LOVELAND, Colo. Colorado Parks & Wildlife was able to retain the recreation lease for Lonetree Reservoir through June 30, 2018, however this date will mark the end of the agency's management of the Loveland fishing area. There will not be public access to the property after that date.

"We are certainly disappointed," said Mark Leslie, northeast regional manager for Colorado Parks and Wildlife, "We negotiated as best we could for a 20-year lease, but were outbid in the end. Sadly the agency may face additional situations like this in the future as we struggle to support our hunting and fishing access with a constrained budget."

Lonetree Reservoir and the surrounding land have been leased for wildlife recreation by Colorado Parks and Wildlife since the 1970's.

Anglers will note that the current fishing regulations will remain in place until biologists determine the level at which sportfish can be salvaged and any remaining fish can be transferred to a public water open to angling.

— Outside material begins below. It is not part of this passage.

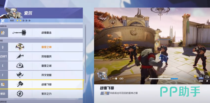 雷神索尔旋转雷神之锤可以直接跳跃到目标的方向,而如果改变方向,那么此时就会造成更高的伤害。可以给索尔带来100点的额外生命值。

Colorado Parks and Wildlife recently ran a Financial Sustainability bill through the legislature to address funding shortfalls the agency is facing. The bill was defeated in the Senate Finance Committee. The agency receives very little tax funding from the state, and operates primarily on a user pay model to manage state parks, recreation and wildlife. With greater demand placed on recreation opportunities and rising operational costs the bill addressed the need to increase the price on park passes and resident hunting and fishing licenses.

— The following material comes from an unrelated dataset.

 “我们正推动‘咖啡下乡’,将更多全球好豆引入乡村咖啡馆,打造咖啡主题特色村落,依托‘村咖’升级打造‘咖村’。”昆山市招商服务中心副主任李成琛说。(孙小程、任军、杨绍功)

CPW is an enterprise agency, relying primarily on license sales, state parks fees and registration fees to support its operations, including: 41 state parks and more than 350 wildlife areas covering approximately 900,000 acres, management of fishing and hunting, wildlife watching, camping, motorized and non-motorized trails, boating and outdoor education. CPW's work contributes approximately $6 billion in total economic impact annually throughout Colorado.